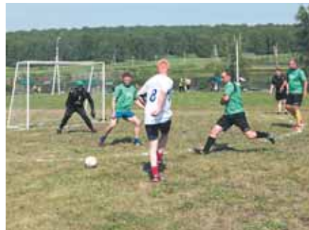
На фото: только вперёд, только победа!

12 килограммов выловленной рыбы, 400 человек – участники и болельщики, температура воздуха +35 градусов. Вот такая «спортивная математика»!
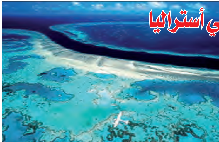
الحاجز المرجاني العظيم في أستراليا

يحاول الكثيرون ترك عادة التدخين السيئة ولكن معظمهم يفشلون في بلوغ الهدف المنشود فيما أوجد العلماء الحل الناجع وتفيد Science Alert بأن علماء الأعصاب في جامعة روكفلر بمدينة نيويورك، تمكنوا من تحديد مجموعة الخلايا العصبية الحساسة في الدماغ والسببية للتعلق بالنيكوتين، وإن كبح نشاط هذه الخلايا يؤدي إلى تخفيض هذه العلاقة جدا ما يمنح المرء فرصة الإقلاع عن التدخين. واستخدم العلماء في بحثهم فئران اختبار تعرضت إلى مادة النيكوتين المذابة في ماء الشرب. ترتبط بالنيكوتين المنطقة الوسطى ونواة انتريونكولار Interpeduncular في دماغ الإنسان حيث توجد في الخلايا العصبية لهاتين المنطقتين مستقبلات بروتينية ترتبط بالنيكوتين عند دخوله مع الدم إلى الدماغ.
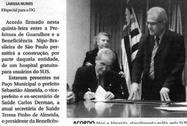
Acordão: Mozi e Almeida.

Entidade investirá R$ 20 milhões com apoio da Prefeitura
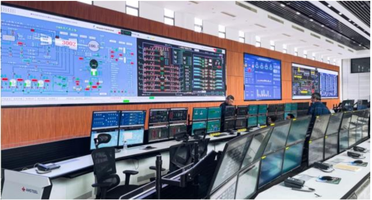
某能源集控中心，全面实现信息化、数字化、智能化升级改造
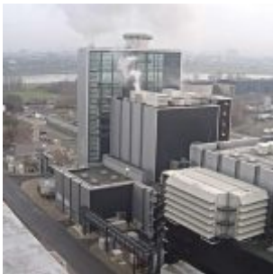
Blick auf den Block Fortuna des Kraftwerks auf der Lausward (Screenshot)
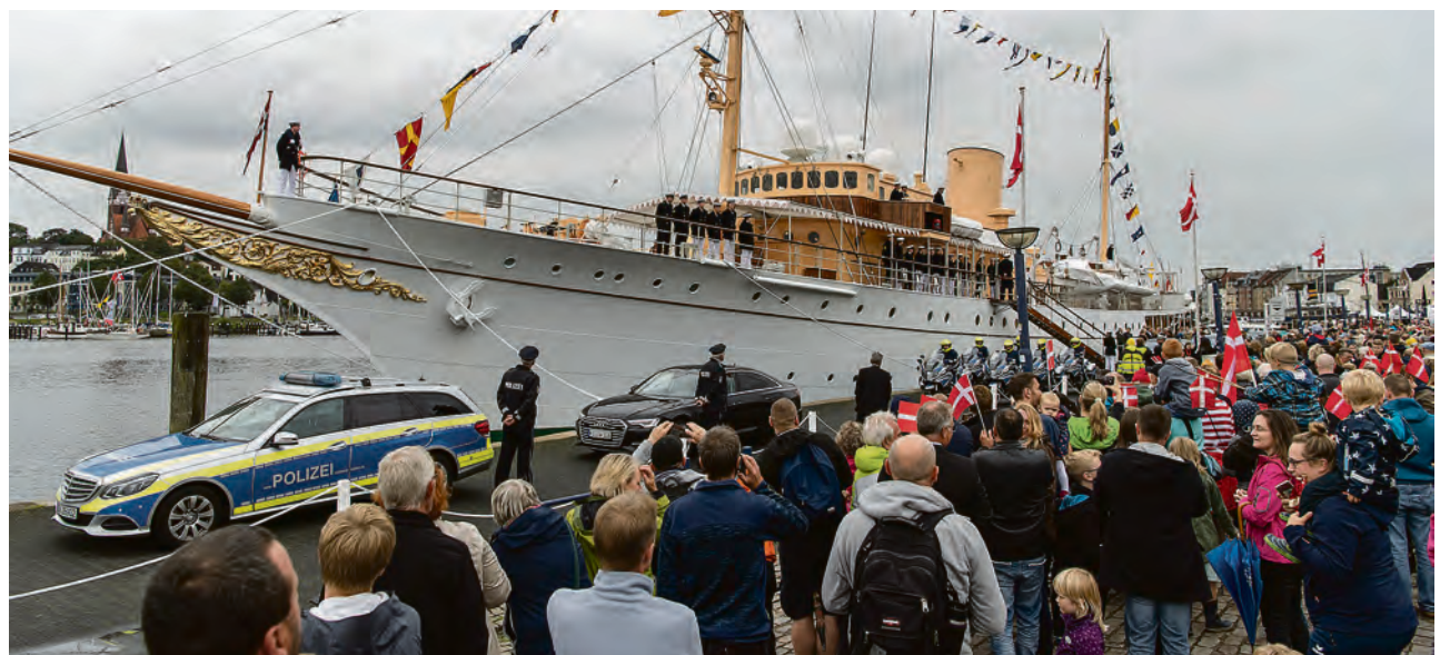
Flere tusinde var kommet for at takke Dronningen for besøget.
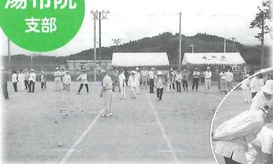
湯布院支部スポーツ大会
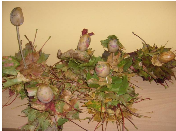
Škola – bramborové postavičky
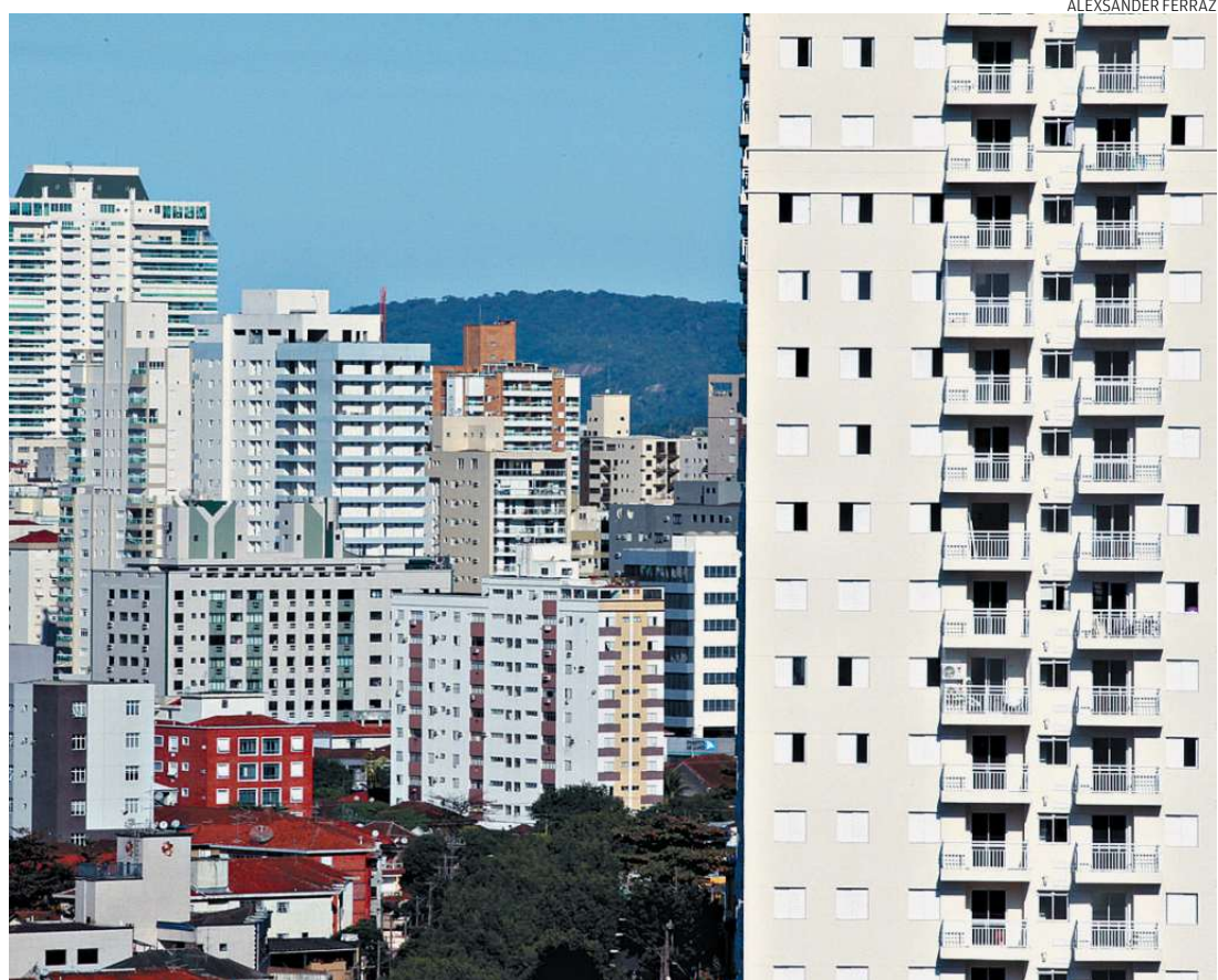
Mercado santista sente desaceleração do País, mas volume de projetos indica aposta em retomada

Essa antecipação é explicada pela expectativa dos construtores de que a nova lei será restritiva. Entre as propostas está a reserva de um recuo maior entre a calçada e o prédio, deixando mais espaço para o pedestre caminhar. Ou ainda que os edifícios terão
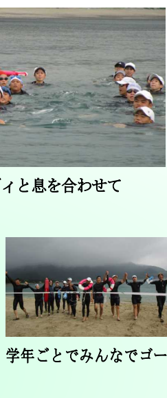
バディと息を合わせて

当日は、曇天の中での実施となりました。悪候の中、泳ぎながら掛けた声は、遠泳大会の伝統を継いでいます。
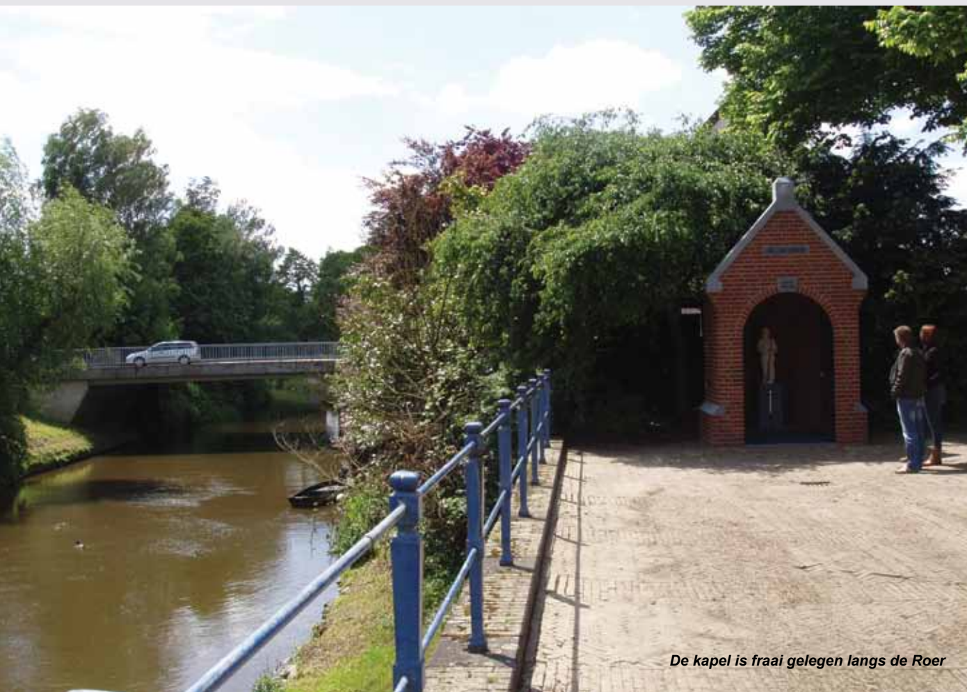
De kapel is fraai gelegen langs de Roer

Het was dus geen toeval, dat via hem beide organisaties elkaar vonden in het idee om een kapel te bouwen.
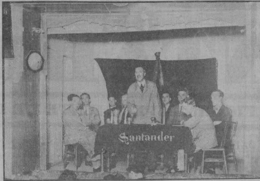
EN LA CASA DEL PUEBLO.—La mesa presidencial del acto de inauguración de la Biblioteca de la Cultural Socialista. El gobernador civil pronunciando su discurso.
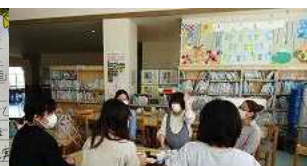
図書ボランティアさん
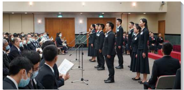
▲全時間訓練畢業學員分享見證

事奉一面，一位姊妹在西螺開展時，看見召會逐漸老化，在靈裏面興起了得青年人的託付，甚至為此禁食，就經歷基督如大麥的復活生命，將一個個青年人和年輕的家帶進召會裏。基督身體一面，一位弟兄已過在服事中會遷就人、維持和諧，以為這是否認己順服帶領。訓練幫助他認識身體的一是那靈的一。當他在無法順服時，就在靈裏取用基督的死與復活，使他能活在身體的實際裏面。在心志一面，一位姊妹見證，在取得博士學位後，雖帶著負擔參加訓練，卻仍心繫學術夢。藉著職事的開啟，看見當前的時局，主需要一班轉移時代的人，這使她樂意奉獻夢想及前途，只為完成神的經綸。
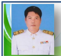
บรรจบ สิงห์ ผ.ร.
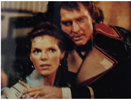
1973 L'HOMME DU DESTIN (The Man of Destiny) de Joseph Hardy avec Stacy Keach
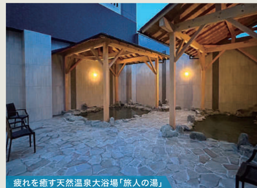
疲れを癒す天然温泉大浴場「旅人の湯」
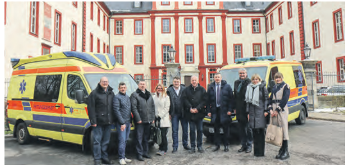
Die Übergabe der Rettungsfahrzeuge fand am 30. Januar vor dem Landratsamt in Saalfeld statt.

Kreisratsvorsitzender Lavriv berichtete über die künftige Verwendung in der Ukraine: „Einer der Wagen wird im Rajon Kalusch unter anderem dafür genutzt, bewegungseingeschränkte Menschen zum Krankenhaus zu bringen, damit diese versorgt werden können. Das andere Auto wird mit Sanitätssoldaten aus Kalusch nach
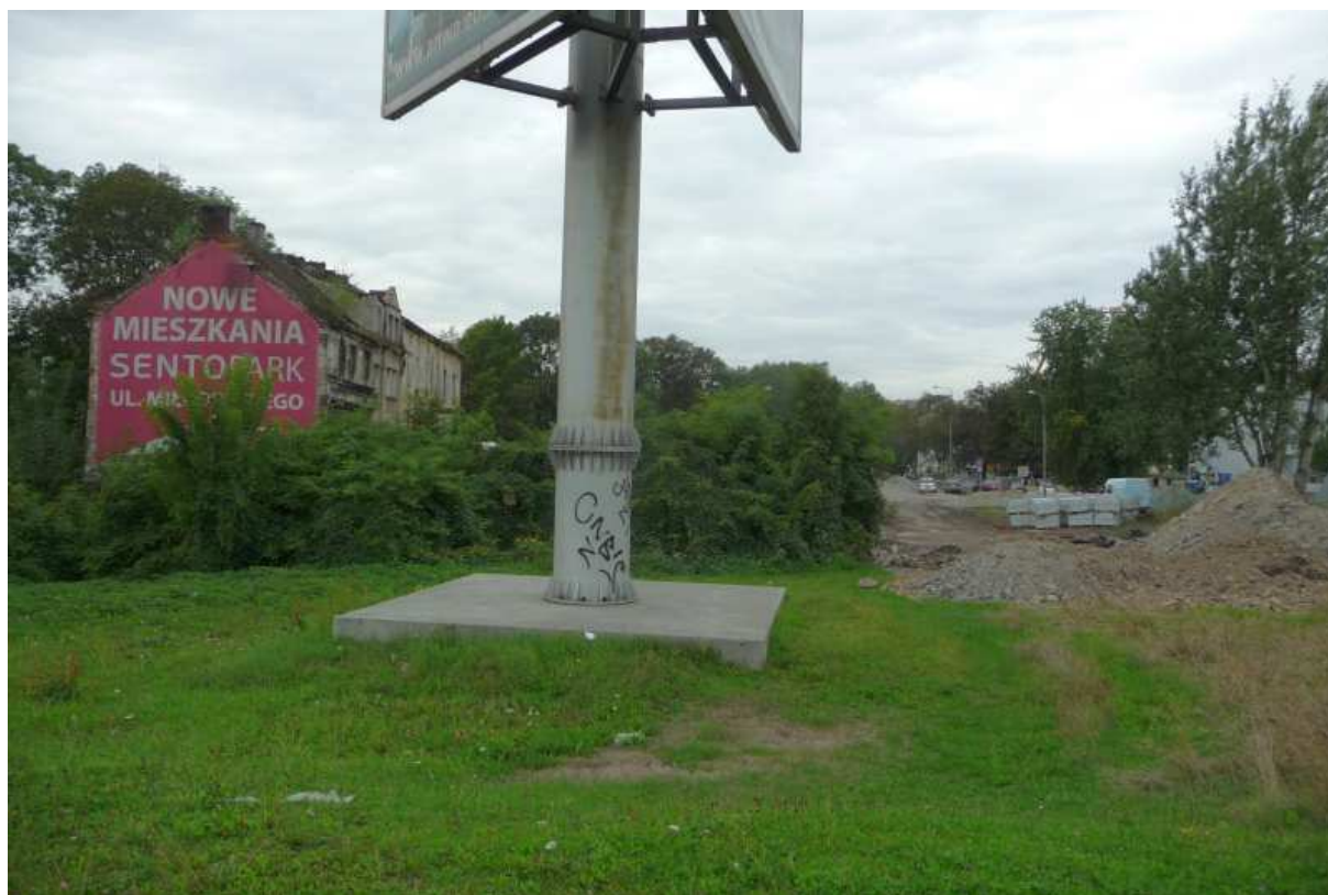
Fot. nr 83 (83-85). Ujęcia od strony ulicy Konopnickiej. (25.09.13)
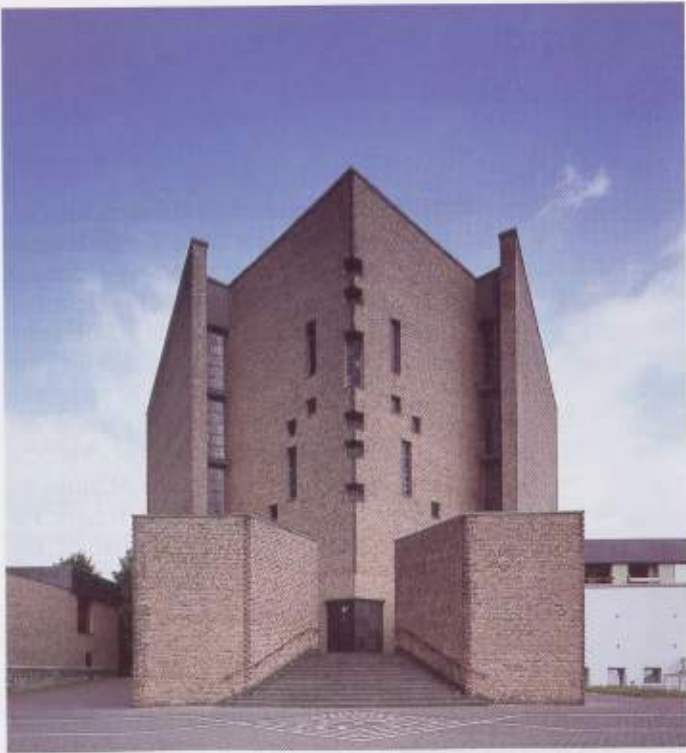
Ansicht des Klosters
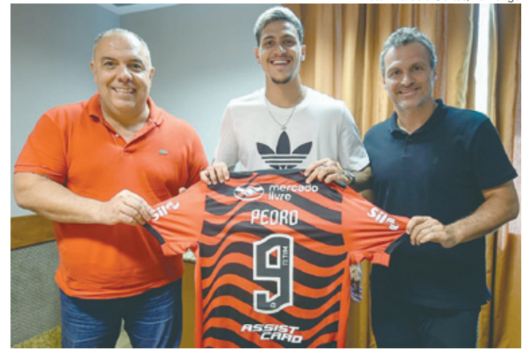
Pedro renovou contrato com o Flamengo nesta quarta-feira
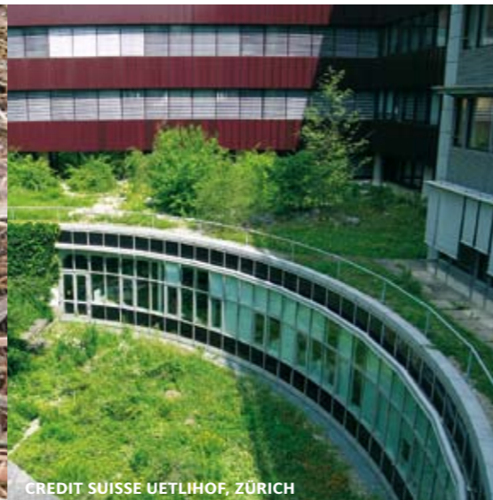
CREDIT SUISSE UETLIHOF, ZÜRICH
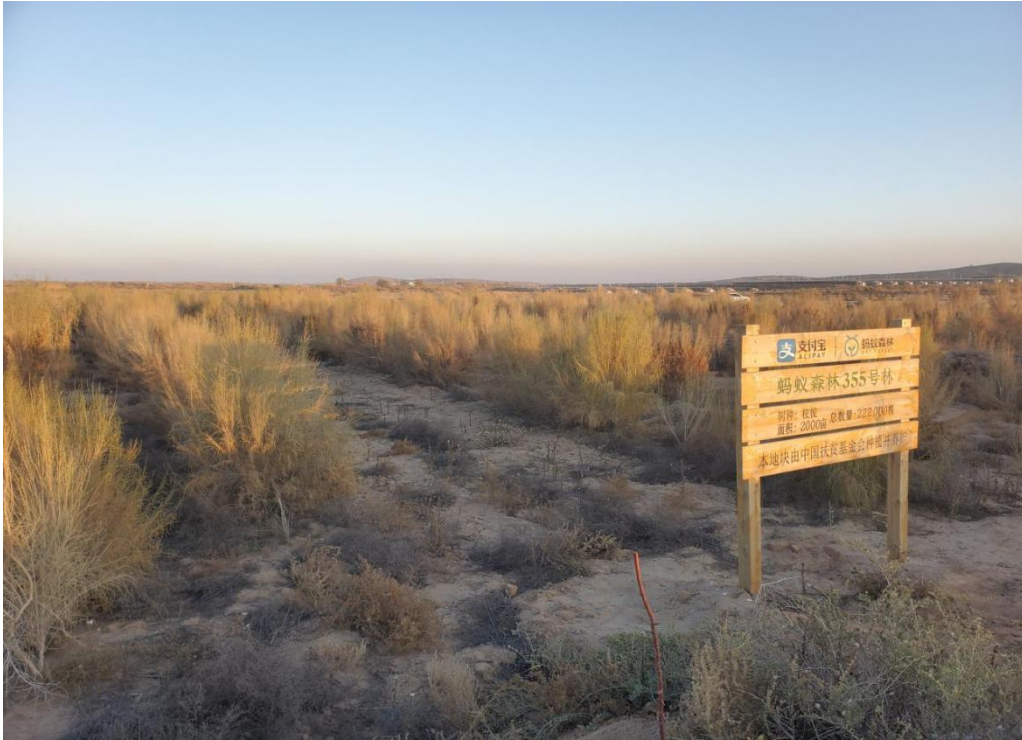
图 1 项目区梭梭
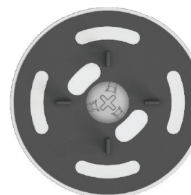
Ø 160 mm
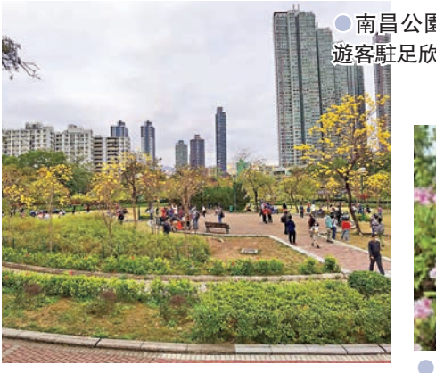
●南昌公園吸引遊客駐足欣賞。
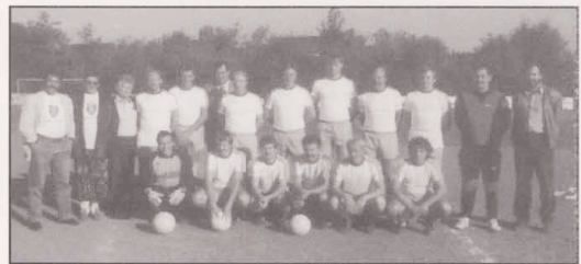
25.05.1990 Konveniat früherer Tricolore Spieler
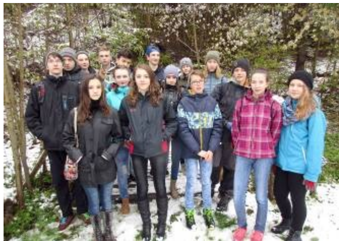
9. a 8. třída při úklidu
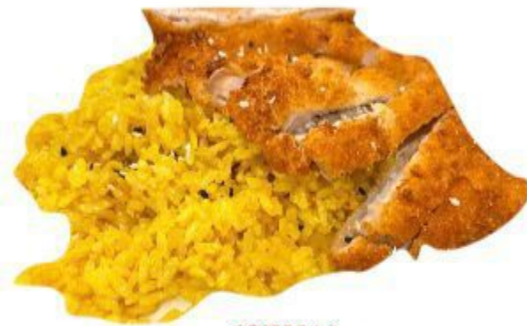
(CENA) 132 POLLO FRITTO CON RISO AL CURRY 8.00 EURO
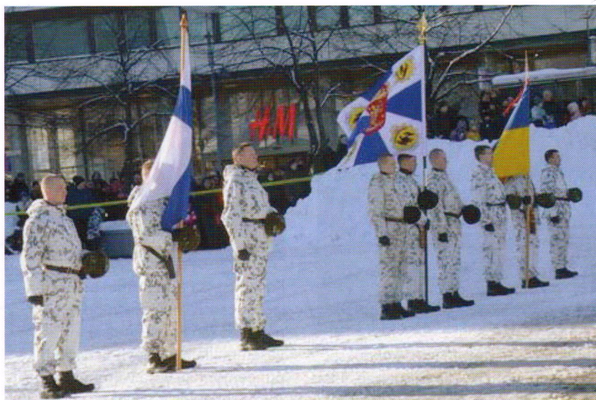
Liput paraatikentällä: Valtakunnan lippu, Jääkärilippu sekä Porin prikaatin lippu.

★ ★ ★ ★ ★

*Work order*:
Leaving out the pictures, print each line of the records above from the first up to and including the one that contains "الحاجز المرجاني العظيم في أستراليا", exactly as written.

*Result for this task*:
На фото: только вперёд, только победа!

12 килограммов выловленной рыбы, 400 человек – участники и болельщики, температура воздуха +35 градусов. Вот такая «спортивная математика»!
الحاجز المرجاني العظيم في أستراليا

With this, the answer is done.